Source records
=== Begin Enclosure ===
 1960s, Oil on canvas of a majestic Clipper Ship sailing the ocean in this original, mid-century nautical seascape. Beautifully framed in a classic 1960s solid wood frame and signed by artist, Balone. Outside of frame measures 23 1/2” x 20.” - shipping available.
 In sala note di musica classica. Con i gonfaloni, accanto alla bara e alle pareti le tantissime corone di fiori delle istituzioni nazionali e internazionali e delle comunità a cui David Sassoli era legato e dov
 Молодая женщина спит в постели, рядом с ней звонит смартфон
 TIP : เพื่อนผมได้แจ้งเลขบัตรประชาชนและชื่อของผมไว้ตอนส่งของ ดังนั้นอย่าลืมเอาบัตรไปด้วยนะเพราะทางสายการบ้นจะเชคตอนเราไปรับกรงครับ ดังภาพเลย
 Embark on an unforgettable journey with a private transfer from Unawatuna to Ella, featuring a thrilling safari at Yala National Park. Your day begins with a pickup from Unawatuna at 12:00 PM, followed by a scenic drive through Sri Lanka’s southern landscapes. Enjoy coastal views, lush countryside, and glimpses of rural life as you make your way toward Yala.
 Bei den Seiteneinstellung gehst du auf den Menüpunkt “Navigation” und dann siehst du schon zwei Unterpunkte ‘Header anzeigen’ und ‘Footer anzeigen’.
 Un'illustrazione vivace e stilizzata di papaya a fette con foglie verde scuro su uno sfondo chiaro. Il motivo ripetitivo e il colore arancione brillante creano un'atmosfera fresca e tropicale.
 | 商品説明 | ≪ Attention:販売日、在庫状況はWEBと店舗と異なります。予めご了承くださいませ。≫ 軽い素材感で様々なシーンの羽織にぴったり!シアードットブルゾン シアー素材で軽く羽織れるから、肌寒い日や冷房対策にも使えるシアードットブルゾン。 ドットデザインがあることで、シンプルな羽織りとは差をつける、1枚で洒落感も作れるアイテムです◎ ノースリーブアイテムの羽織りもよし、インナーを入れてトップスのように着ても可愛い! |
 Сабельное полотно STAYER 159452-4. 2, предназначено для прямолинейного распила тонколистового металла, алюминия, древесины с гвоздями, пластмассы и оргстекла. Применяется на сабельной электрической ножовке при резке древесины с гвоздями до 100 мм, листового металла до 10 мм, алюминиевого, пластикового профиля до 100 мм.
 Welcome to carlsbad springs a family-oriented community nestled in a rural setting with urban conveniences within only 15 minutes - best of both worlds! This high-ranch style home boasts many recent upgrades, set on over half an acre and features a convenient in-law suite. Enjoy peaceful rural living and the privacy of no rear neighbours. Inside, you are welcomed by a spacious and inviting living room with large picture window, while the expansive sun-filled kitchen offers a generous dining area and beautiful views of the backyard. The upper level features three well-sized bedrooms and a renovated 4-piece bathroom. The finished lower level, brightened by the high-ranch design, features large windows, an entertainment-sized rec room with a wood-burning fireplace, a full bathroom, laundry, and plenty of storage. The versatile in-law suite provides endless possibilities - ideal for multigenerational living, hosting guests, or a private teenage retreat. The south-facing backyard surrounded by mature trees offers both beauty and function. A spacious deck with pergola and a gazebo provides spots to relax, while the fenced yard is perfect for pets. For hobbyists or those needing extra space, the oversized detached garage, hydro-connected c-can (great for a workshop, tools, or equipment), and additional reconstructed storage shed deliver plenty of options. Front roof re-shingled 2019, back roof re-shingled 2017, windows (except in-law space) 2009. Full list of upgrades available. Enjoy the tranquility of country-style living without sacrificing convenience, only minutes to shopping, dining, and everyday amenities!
=== End Enclosure ===
**Activity:**
Set every line of the data down again, word for word.

**Answer box:**
 1960s, Oil on canvas of a majestic Clipper Ship sailing the ocean in this original, mid-century nautical seascape. Beautifully framed in a classic 1960s solid wood frame and signed by artist, Balone. Outside of frame measures 23 1/2” x 20.” - shipping available.
 In sala note di musica classica. Con i gonfaloni, accanto alla bara e alle pareti le tantissime corone di fiori delle istituzioni nazionali e internazionali e delle comunità a cui David Sassoli era legato e dov
 Молодая женщина спит в постели, рядом с ней звонит смартфон
 TIP : เพื่อนผมได้แจ้งเลขบัตรประชาชนและชื่อของผมไว้ตอนส่งของ ดังนั้นอย่าลืมเอาบัตรไปด้วยนะเพราะทางสายการบ้นจะเชคตอนเราไปรับกรงครับ ดังภาพเลย
 Embark on an unforgettable journey with a private transfer from Unawatuna to Ella, featuring a thrilling safari at Yala National Park. Your day begins with a pickup from Unawatuna at 12:00 PM, followed by a scenic drive through Sri Lanka’s southern landscapes. Enjoy coastal views, lush countryside, and glimpses of rural life as you make your way toward Yala.
 Bei den Seiteneinstellung gehst du auf den Menüpunkt “Navigation” und dann siehst du schon zwei Unterpunkte ‘Header anzeigen’ und ‘Footer anzeigen’.
 Un'illustrazione vivace e stilizzata di papaya a fette con foglie verde scuro su uno sfondo chiaro. Il motivo ripetitivo e il colore arancione brillante creano un'atmosfera fresca e tropicale.
 | 商品説明 | ≪ Attention:販売日、在庫状況はWEBと店舗と異なります。予めご了承くださいませ。≫ 軽い素材感で様々なシーンの羽織にぴったり!シアードットブルゾン シアー素材で軽く羽織れるから、肌寒い日や冷房対策にも使えるシアードットブルゾン。 ドットデザインがあることで、シンプルな羽織りとは差をつける、1枚で洒落感も作れるアイテムです◎ ノースリーブアイテムの羽織りもよし、インナーを入れてトップスのように着ても可愛い! |
 Сабельное полотно STAYER 159452-4. 2, предназначено для прямолинейного распила тонколистового металла, алюминия, древесины с гвоздями, пластмассы и оргстекла. Применяется на сабельной электрической ножовке при резке древесины с гвоздями до 100 мм, листового металла до 10 мм, алюминиевого, пластикового профиля до 100 мм.
 Welcome to carlsbad springs a family-oriented community nestled in a rural setting with urban conveniences within only 15 minutes - best of both worlds! This high-ranch style home boasts many recent upgrades, set on over half an acre and features a convenient in-law suite. Enjoy peaceful rural living and the privacy of no rear neighbours. Inside, you are welcomed by a spacious and inviting living room with large picture window, while the expansive sun-filled kitchen offers a generous dining area and beautiful views of the backyard. The upper level features three well-sized bedrooms and a renovated 4-piece bathroom. The finished lower level, brightened by the high-ranch design, features large windows, an entertainment-sized rec room with a wood-burning fireplace, a full bathroom, laundry, and plenty of storage. The versatile in-law suite provides endless possibilities - ideal for multigenerational living, hosting guests, or a private teenage retreat. The south-facing backyard surrounded by mature trees offers both beauty and function. A spacious deck with pergola and a gazebo provides spots to relax, while the fenced yard is perfect for pets. For hobbyists or those needing extra space, the oversized detached garage, hydro-connected c-can (great for a workshop, tools, or equipment), and additional reconstructed storage shed deliver plenty of options. Front roof re-shingled 2019, back roof re-shingled 2017, windows (except in-law space) 2009. Full list of upgrades available. Enjoy the tranquility of country-style living without sacrificing convenience, only minutes to shopping, dining, and everyday amenities!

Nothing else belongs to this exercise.